Item 3.02. Unregistered Sales of Equity Securities.

In connection with the Unit Exchange, on January 19, 2021, the Company issued to the Unitholders an aggregate of 2,343,686 shares of Class A Common Stock in exchange for an equivalent number of vested LLC Units held by the Unitholders, all in accordance with the terms of the Exchange Agreement and Medley LLC's Fourth Amended and Restated Limited Liability Company Agreement. The Unitholders have certain registration rights with respect to the shares of Class A Common Stock delivered in exchange for LLC Units, pursuant to the terms and subject to the conditions of the Registration Rights Agreement, dated as of September 23, 2014, by and among the Company, Medley Group LLC, and the covered persons from time to time party thereto (the "Registration Rights Agreement"). Upon giving effect to the Unit Exchange, there are 3,045,177 shares of the Company's Class A Common Stock issued and outstanding as of the date of filing of this Current Report on Form 8-K. The 2,343,686 shares of Class A Common Stock issued in connection with the Unit Exchange represent 77.0% of the shares of Class A Common Stock issued and outstanding as of the date of filing of this Current Report on Form 8-K. In effectuating the Unit Exchange, the Class A Common Stock was issued to accredited investors in reliance upon the exemption provided by Section 4(a)(2) of the Securities Act of 1933, as amended, and applicable state securities laws. Copies of the Exchange Agreement, Medley LLC's Fourth Amended and Restated Limited Liability Company Agreement, and the Registration Rights Agreement are filed as Exhibits 10.2, 10.1 and 10.4, respectively, to the Company's Annual Report on Form 10-K for the fiscal year ended December 31, 2019 and are incorporated herein by reference.

Item 5.02. Departure of Directors or Certain Officers; Election of Directors; Appointment of Certain Officers; Compensatory Arrangements of Certain Officers.

On January 15, 2021, Unitholders' unvested LLC Units in Medley LLC were cancelled and substituted with substantially similar grants of restricted stock units covering Class A Common Stock of the Company ("RSUs").

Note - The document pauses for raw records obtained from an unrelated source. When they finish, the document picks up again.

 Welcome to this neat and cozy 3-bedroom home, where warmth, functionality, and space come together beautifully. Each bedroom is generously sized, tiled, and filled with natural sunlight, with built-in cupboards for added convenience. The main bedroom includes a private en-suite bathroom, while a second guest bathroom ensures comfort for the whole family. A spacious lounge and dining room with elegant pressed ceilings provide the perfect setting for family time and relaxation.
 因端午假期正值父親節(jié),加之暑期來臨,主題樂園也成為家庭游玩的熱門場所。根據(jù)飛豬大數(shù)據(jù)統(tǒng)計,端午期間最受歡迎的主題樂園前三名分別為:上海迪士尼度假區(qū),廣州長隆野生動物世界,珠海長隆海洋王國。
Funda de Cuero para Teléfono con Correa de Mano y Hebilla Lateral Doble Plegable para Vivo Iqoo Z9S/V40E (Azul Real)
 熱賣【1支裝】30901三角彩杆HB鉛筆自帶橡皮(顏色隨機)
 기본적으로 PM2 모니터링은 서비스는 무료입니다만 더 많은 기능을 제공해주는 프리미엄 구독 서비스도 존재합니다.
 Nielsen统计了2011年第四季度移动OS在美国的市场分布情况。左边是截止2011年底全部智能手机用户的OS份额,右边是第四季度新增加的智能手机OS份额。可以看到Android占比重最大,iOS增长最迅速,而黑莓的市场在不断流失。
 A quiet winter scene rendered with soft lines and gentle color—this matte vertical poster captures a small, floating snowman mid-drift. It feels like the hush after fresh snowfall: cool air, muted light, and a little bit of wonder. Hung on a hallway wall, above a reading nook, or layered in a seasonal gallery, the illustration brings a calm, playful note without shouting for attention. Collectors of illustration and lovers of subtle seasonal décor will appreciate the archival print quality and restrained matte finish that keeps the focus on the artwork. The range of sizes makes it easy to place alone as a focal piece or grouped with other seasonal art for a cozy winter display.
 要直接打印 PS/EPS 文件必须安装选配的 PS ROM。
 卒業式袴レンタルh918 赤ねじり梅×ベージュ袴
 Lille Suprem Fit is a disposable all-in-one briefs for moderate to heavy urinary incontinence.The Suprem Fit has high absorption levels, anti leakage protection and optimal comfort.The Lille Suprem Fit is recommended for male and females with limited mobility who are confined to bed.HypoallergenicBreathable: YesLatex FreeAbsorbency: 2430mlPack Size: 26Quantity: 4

The new RSUs, which have substantially equivalent terms (including vesting schedules) as the unvested LLC Units cancelled, were approved by the Company's Board of Directors and issued pursuant to the Company's 2014 Omnibus Incentive Plan. The Company issued RSUs covering an aggregate of 293,163 shares of Class A Common Stock in substitution and cancellation of a like number of unvested LLC Units of Medley LLC. Of these, an aggregate of 59,753 RSUs were issued to Richard T. Allorto, Jr. (the Company's Chief Financial Officer) and an aggregate of 55,787 RSUs were issued to John Fredericks (the Company's General Counsel to August 2020, and a named executive officer of the Company for fiscal 2019).